Der Strom der protestierenden Menge heute in Zahedan – Freitag, 20 Januar. 2023

Baloch-Frauen, die dem Diktator bei der Zahedan-Demonstration den Tod sangen

Zahedan; Eine Flut von Zehntausenden protestierender Menschen aus Zahedan ging trotz der schweren und schweren Sicherheitsatmosphäre auf die Straße und rief Protestparolen – Freitag, 20 Januar. 2023

Die Parolen „Tod dem Diktator“ und „Khamenei, beschäme das Land und verlasse“ von Belutsch-Kämpfern in Rask – Freitag, 20. Januar.2023

Mahsa Amini

Iran : Sistan und Beluchestan; Töten auf der Straße, Hinrichtung im Gefängnis

Sistan und Belutschistan haben in den jüngsten Protesten die blutigsten Szenen gesehen und viele Häftlinge hatten.

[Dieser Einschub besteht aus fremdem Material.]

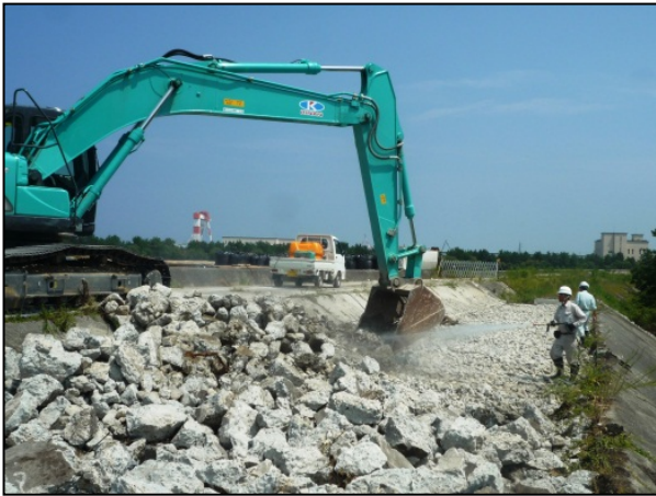
老朽化した海岸堤防の撤去状況
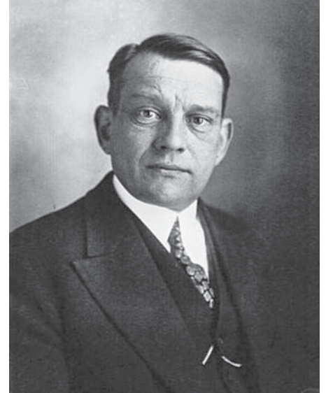
RENÉ COTY FRANCIA ELNÖK

A Kínai Népköztársaság vezetője Mao Ce-tung, a kínai forradalom és felszabadító háború legendás személyisége, ekkor 63 éves. 1949 őszén a polgárháború a kommunista erők győzelmével ért véget. A tőkés kínai csapatok visszavonultak Tajvan
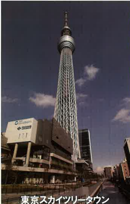
東京スカイツリータウン
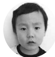
おおいずみ てんまくん
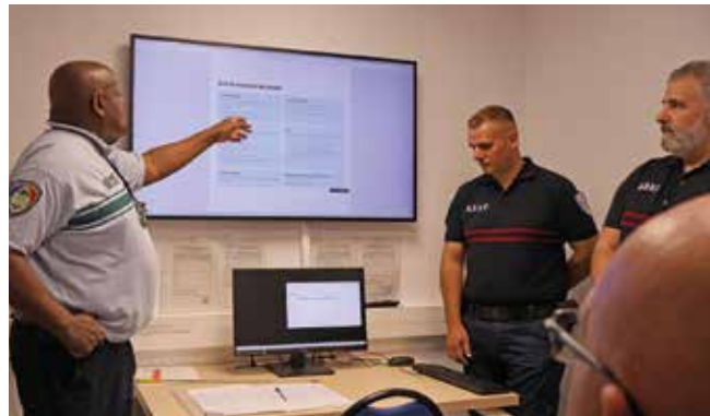
Objectif : assurer une ville plus sereine et agréable à vivre.

Le 7 mai, les élus sont allés à la rencontre de la Police rurale de Fleury-Mérogis. L'occasion de rencontrer l'équipe du service ASVP.
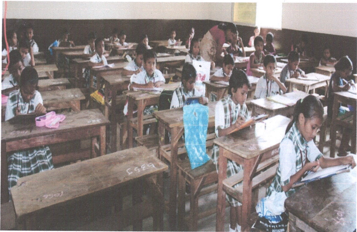
Photos of Spardharatna Competitive Exam
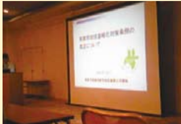
地球温暖化対策意見交換会に参加(7/24)
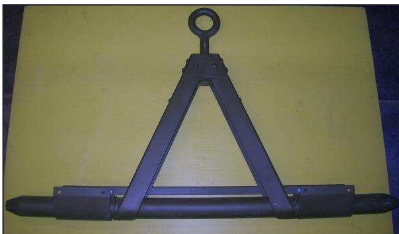
Crochet d'attelage avant Jeep 600 €HT
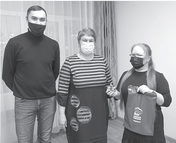
Вручили партийные билеты новичкам

Среди новобранцев партии – люди самых разных профессий: учителя и студенты, предприниматели и социальные работники. Это те, кто принимает осознанное решение о вступлении в партию «Единая Россия», те, кто хочет стать не сторонним наблюдателем, а непосредственным участником политической жизни страны в целом и Тобольска в частности.
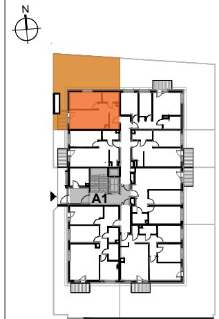
USYTUOWANIE MIESZKANIA NA KONDYGNACJI
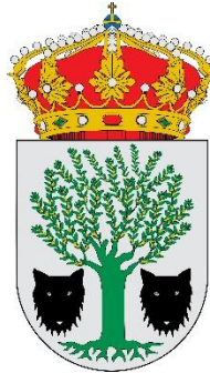
EXCMO. AYTO HERNÁN PÉREZ
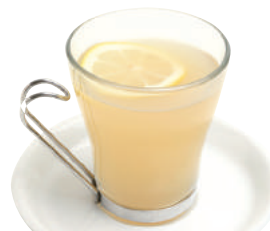
自家製ホットジンジャー
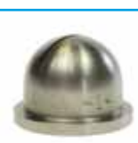
tryska Q-Tip extra široký nástřik
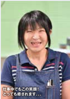
仕事中でもこの笑顔! とっても癒されます。。。
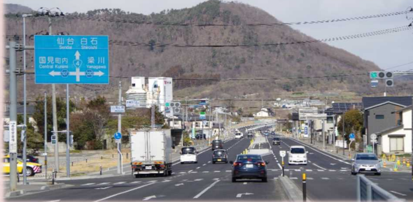
開通日の様子 (R6.3.9撮影)

完成までの間、地域の皆さまをはじめ道路利用者の方々には、多大なるご協力をいただき大変感謝しております。
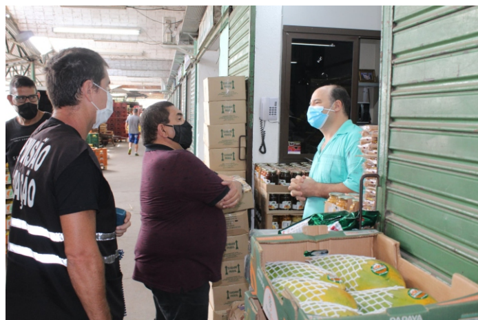
Diretor (C) e orientador visitaram boxes das empresas atacadistas

Depois de anunciar medidas como advertência e aplicação de multa para quem estiver sem máscara ou usando a proteção facial de forma incorreta, a direção emitiu circular exigindo comunicação imediata de casos positivos. A fiscalização redobrada justifica-se em virtude do momento de extrema gravidade da pandemia, com aumento do número de contaminados e falta de leitos hospitalares, fatores que estão causando colapso no sistema de saúde. Diretores e orientadores estão circulando pelo complexo para reiterar a importância do respeito às medidas. Lembre-se: a máscara deve cobrir a boca e o nariz. Sempre!

Aus vielen Gründen, einschließlich des schwierigen Zugangs zu Kommunikations- und Internet -Tools sowie mangelnde Informationen zu Familien aufgrund Sicherheitsbedrohungen, genaue Statistiken und der Status von Häftlingen in Sistan und Belutschan sind nicht möglich.

Das Folge -up -Komitee unter Verwendung der gesammelten Informationen hat jedoch festgestellt, dass Sistan und Belutschistan seit Beginn der Proteste nach Teheran, Kurdistan und West Aserbaidschan mehr Häftlinge hatten.

Das Follow -up -Komitee war bisher in der Lage, die Identität von 278 in der Provinz festgehaltenen Demonstranten zu identifizieren, darunter 207 Bürger, 47 Kinder (unter 18 Jahren), 20 Studenten und 4 zivile Aktivisten. Von den 47 inhaftierten Kindern sind mindestens 3 nach Bismillah Barahui, Ismail Sarbalesi und Ibrahim Sarbalesi benannt.

Töte auf der Straße, Hinrichtung im Gefängnis

In den jüngsten Proteste hatten Sistan und Belutschistan die höchste Anzahl von getöteten. Am Tag des 30 Septemberber2022, bekannt als“Blutiger Freitag“, nach einem Aufruf Mahsa Aminis Mord sowie „Vergewaltigung eines 15-jähriges Baloch-Mädchen durch Chabahar Police Commander, mehr als 90 Personen, einschließlich eines 88- Jahr -Alte Frau, wurden getötet. Die Belutschi -Aktivisten und der „Mawroush“ -Stät haben die Zahl der Todesopfer in der Provinz angekündigt, wobei mehr als fünf von ihnen Kinder sind.Die Kampagne der Belutsch -Aktivisten hat die Zahl der Todesopfer mehr als 100 in der Provinz berichtet, wobei mehr als 16 von ihnen Kinder sind.Außerdem hat die Regierung in den letzten 4 Monaten und seit Beginn der Proteste die Todesurteile von 90 Bürgern von Belutsch vollstreckt, die vor den jüngsten Protesten festgenommen worden waren.